By a) we know that $\frac{1}{2} \int_{0}^{1} f(x)\,dx = 0$. Therefore \begin{align*} \int_{0}^{1} xf(x)\,dx & = \int_{0}^{1} \left(x - \frac{1}{2}\right)f(x)\,dx \\ & = \left. \frac{1}{2}(x^{2} - x) f(x)\right\vert_{0}^{1} - \int_{0}^{1} \frac{1}{2}(x^{2} - x)f'(x)\,dx \\ & = \frac{1}{2} \int_{0}^{1} (x - x^{2})f'(x)\,dx \end{align*} using integration by parts.
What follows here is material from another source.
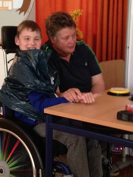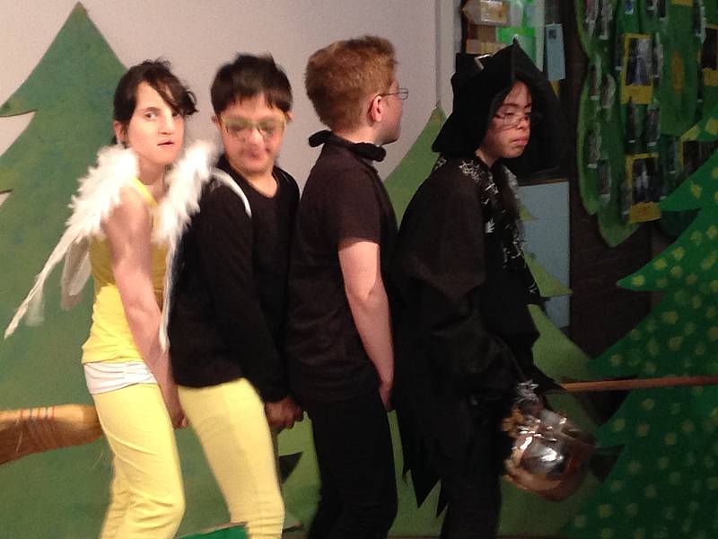 So begannen wir mit den Theaterproben, gestalteten Kostüme und das Bühnenbild. Da nicht alle Kinder in unserer Klasse sprechen können und auch das Auswendiglernen für viele schwierig ist, nutzten wir verschiedene Hilfsmittel der Unterstützen Kommunikation. Die Dialoge wurden auf Step-by-Steps, BigMäcs und GoTalks gesprochen und wir mussten sie an der richtigen Stelle im Theaterstück abspielen.

Now note that $x - x^{2} \geq 0$ on $[0,1]$ and by b) we have $m \leq f'(x) \leq M$, hence $$ C m \leq \int_{0}^{1} x f(x)\,dx \leq C M $$ with $$ C = \frac{1}{2} \int_{0}^{1} (x - x^{2})\,dx = \left.\frac{1}{2}\left(\frac{1}{2}x^{2} - \frac{1}{3}x^{3}\right)\right\vert_{0}^{1} = \frac{1}{12} $$ as we wanted.

Let me add that these estimates arise in the Euler summation method and are often used in proofs of the Stirling formula.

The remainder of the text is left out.